### Exercise requirements
Print all the records below exactly as they stand, but leave out the pictures.

### Data shown
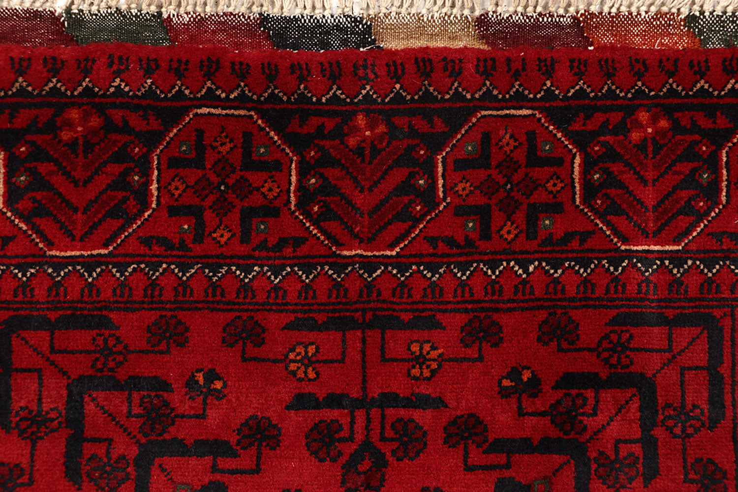 This Dark Red colored TribalKhal Mohammadi rug is handmade in Afghanistan using the Senneh knot. It has a Cotton foundation and Red Wool pile with Tribal Geometric pattern. The New Dark Red Khal Mohammadi Wool rug is Runner in shape and 2 x 9 in size with a Perfect Tribal vibe.
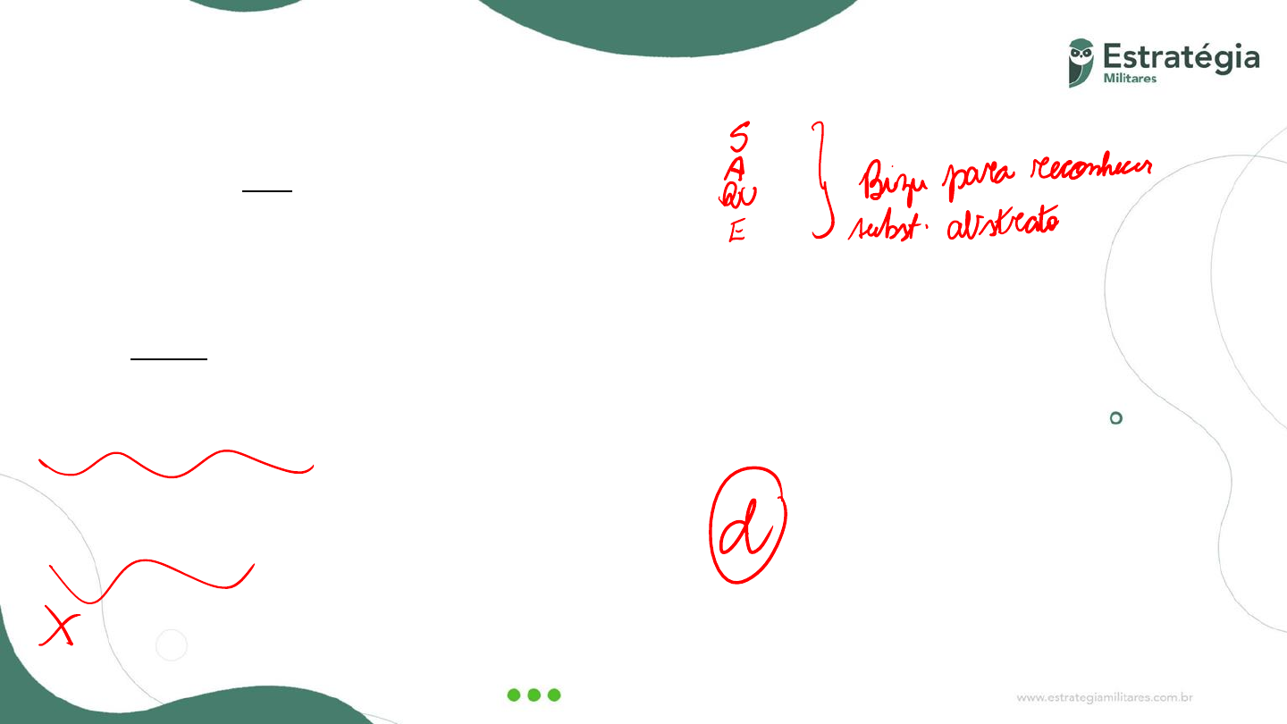 PORTUGUÊS - Profª Fabíola Soares 15. (Estratégia Militares 2022 - Prof.ª. Fabíola Soares) Leia: “Do que dissestes, alma fria, Já nada vos acode mais?... Éramos sós... Lá fora chovia... Quanta ternura em mim havia!” Os substantivos destacados no texto classificam-se, respectivamente, como a) abstrato e concreto. b) concreto e concreto. c) abstrato e abstrato. d) concreto e abstrato. PORTUGUÊS - Profª Fabíola Soares 16. (Estratégia Militares 2022 - Prof.ª. Fabíola Soares) Assinale a alternativa em que a relação coletivo/conjunto de seres está incorreta. a) prole/filhos b) flora/animais c) caravana/viajantes d) armada/navios de guerra PORTUGUÊS - Profª Fabíola Soares 17. (Estratégia Militares 2022 - Prof.ª. Fabíola Soares) Assinale a alternativa que completa o trecho abaixo com substantivos coletivo, sobrecomum e comum-de--dois, respectivamente. Na______, a ______ recebeu o valioso prêmio das mãos do _______. a) biblioteca, criança, jornalista b) praça, estudante, professor c) plateia, mulher, artista d) arena, atleta, oficial
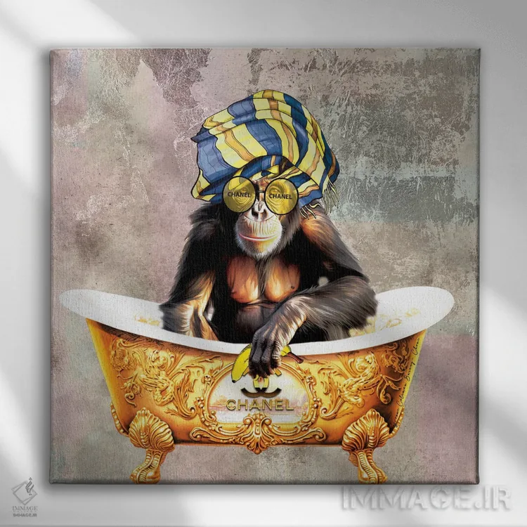 تابلو میمون شنل در وان (برند مد) اثر هنرِ چونی - نمای روبه‌رو روی دیوار
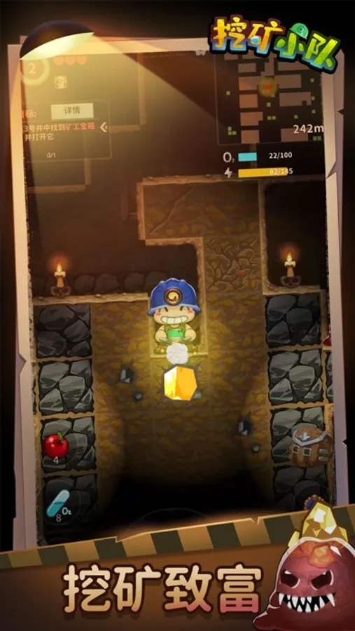 《挖矿小队》是一款角色扮演游戏。玩家扮演一名矿工,为了拯救自己的女朋友,勇敢的闯入恐怖的地下矿井。
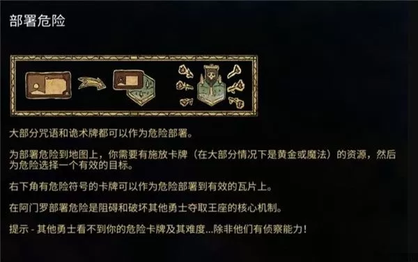 玩家可以利用法术咒语和诡计牌布置冒险。
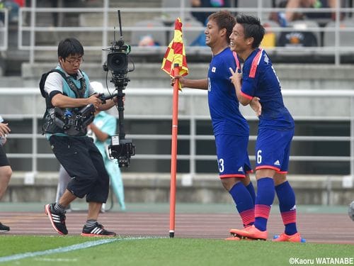 1勝1敗でこの試合を迎えた日本は、序盤から主導権を握り、得点機をつくり、前半33分にFW野津田岳人(広島)が、ペナルティエリア外から強烈なミドルシュートを放ち、先制ゴールを奪った。
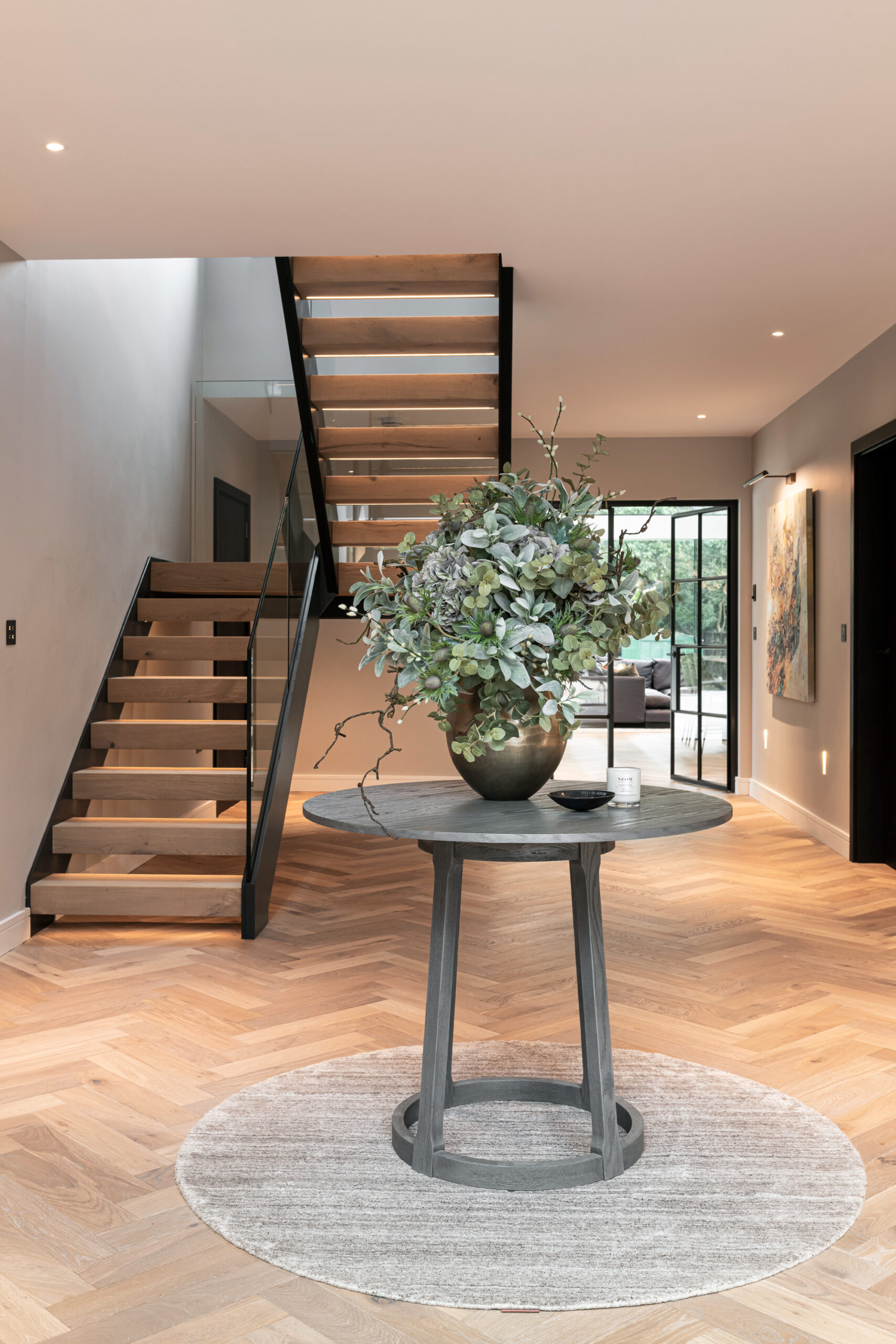 Our clients commissioned a contemporary replacement for a 1930s neo-Tudor house, creating a spacious, light-filled family home tailored to their lifestyle and sustainable principles. The design prioritises open-plan living, generous proportions and seamless connection to the garden, while incorporating high-performance materials and energy-efficient systems.
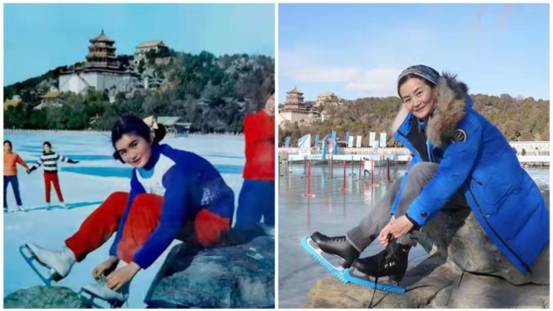 拼版照片。上图:年轻时的曲薇在颐和园昆明湖冰场边系冰鞋。下图:1月10日,曲薇在颐和园昆明湖冰场边系冰鞋。
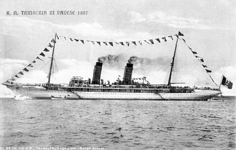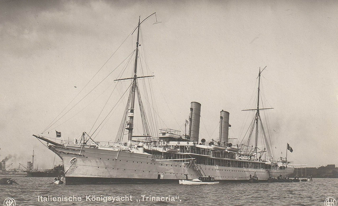 La vida marinera del Trinacria va ser una raresa. Fou construït com a transatlàntic i després utilitzat com a creuer auxiliar per la Royal Navy; més tard seria venut a la Regia Marina, que l’utilitzà com a iot reial, i a Barcelona el veiérem amb el seu mostrari de productes italians com a Fira Flotant; però possiblement la seva carrera hauria estat una altra si l’any 1884 hagués guanyat el prestigiós Gallardet Blau.
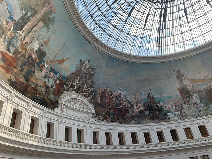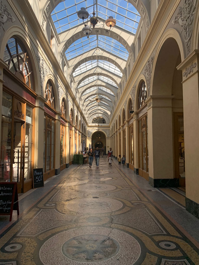 A past animated by the presentHidden by the Bistrot Vivienne, the entrance is discreet. The gallery takes us on a journey into the past. We find ourselves teleported into a corridor tended by the Arts and crafts illuminated by nature, we find ourselves immersed in the sunshine offered by the glass roof. The gallery is enlivened by its low vegetal reliefs as well as by the shops and restaurants that inhabit it, making this quiet and prestigious place more alive. At the back of the entrance, we found a very old bookshop which I think is the oldest in the place, a refuge of literature contrasting with the modernity that has settled in the gallery. This passageway is the result of a fusion between the past and the present, but also of eclecticism and the industrial revolution.
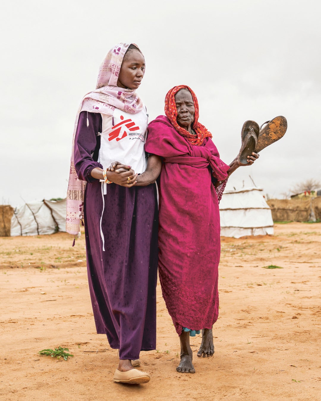 80歳のAisha G.をチャド東部にあるAdre IDPキャンプの国境なき医師団の診療所に連れて行く、ヘルスプロモーターのAishaB. (28歳)。

### Answer space
 This Dark Red colored TribalKhal Mohammadi rug is handmade in Afghanistan using the Senneh knot. It has a Cotton foundation and Red Wool pile with Tribal Geometric pattern. The New Dark Red Khal Mohammadi Wool rug is Runner in shape and 2 x 9 in size with a Perfect Tribal vibe.
 PORTUGUÊS - Profª Fabíola Soares 15. (Estratégia Militares 2022 - Prof.ª. Fabíola Soares) Leia: “Do que dissestes, alma fria, Já nada vos acode mais?... Éramos sós... Lá fora chovia... Quanta ternura em mim havia!” Os substantivos destacados no texto classificam-se, respectivamente, como a) abstrato e concreto. b) concreto e concreto. c) abstrato e abstrato. d) concreto e abstrato. PORTUGUÊS - Profª Fabíola Soares 16. (Estratégia Militares 2022 - Prof.ª. Fabíola Soares) Assinale a alternativa em que a relação coletivo/conjunto de seres está incorreta. a) prole/filhos b) flora/animais c) caravana/viajantes d) armada/navios de guerra PORTUGUÊS - Profª Fabíola Soares 17. (Estratégia Militares 2022 - Prof.ª. Fabíola Soares) Assinale a alternativa que completa o trecho abaixo com substantivos coletivo, sobrecomum e comum-de--dois, respectivamente. Na______, a ______ recebeu o valioso prêmio das mãos do _______. a) biblioteca, criança, jornalista b) praça, estudante, professor c) plateia, mulher, artista d) arena, atleta, oficial
 تابلو میمون شنل در وان (برند مد) اثر هنرِ چونی - نمای روبه‌رو روی دیوار
 《挖矿小队》是一款角色扮演游戏。玩家扮演一名矿工,为了拯救自己的女朋友,勇敢的闯入恐怖的地下矿井。
 玩家可以利用法术咒语和诡计牌布置冒险。
 1勝1敗でこの試合を迎えた日本は、序盤から主導権を握り、得点機をつくり、前半33分にFW野津田岳人(広島)が、ペナルティエリア外から強烈なミドルシュートを放ち、先制ゴールを奪った。
 Our clients commissioned a contemporary replacement for a 1930s neo-Tudor house, creating a spacious, light-filled family home tailored to their lifestyle and sustainable principles. The design prioritises open-plan living, generous proportions and seamless connection to the garden, while incorporating high-performance materials and energy-efficient systems.
 拼版照片。上图:年轻时的曲薇在颐和园昆明湖冰场边系冰鞋。下图:1月10日,曲薇在颐和园昆明湖冰场边系冰鞋。
 La vida marinera del Trinacria va ser una raresa. Fou construït com a transatlàntic i després utilitzat com a creuer auxiliar per la Royal Navy; més tard seria venut a la Regia Marina, que l’utilitzà com a iot reial, i a Barcelona el veiérem amb el seu mostrari de productes italians com a Fira Flotant; però possiblement la seva carrera hauria estat una altra si l’any 1884 hagués guanyat el prestigiós Gallardet Blau.
 A past animated by the presentHidden by the Bistrot Vivienne, the entrance is discreet. The gallery takes us on a journey into the past. We find ourselves teleported into a corridor tended by the Arts and crafts illuminated by nature, we find ourselves immersed in the sunshine offered by the glass roof. The gallery is enlivened by its low vegetal reliefs as well as by the shops and restaurants that inhabit it, making this quiet and prestigious place more alive. At the back of the entrance, we found a very old bookshop which I think is the oldest in the place, a refuge of literature contrasting with the modernity that has settled in the gallery. This passageway is the result of a fusion between the past and the present, but also of eclecticism and the industrial revolution.
 80歳のAisha G.をチャド東部にあるAdre IDPキャンプの国境なき医師団の診療所に連れて行く、ヘルスプロモーターのAishaB. (28歳)。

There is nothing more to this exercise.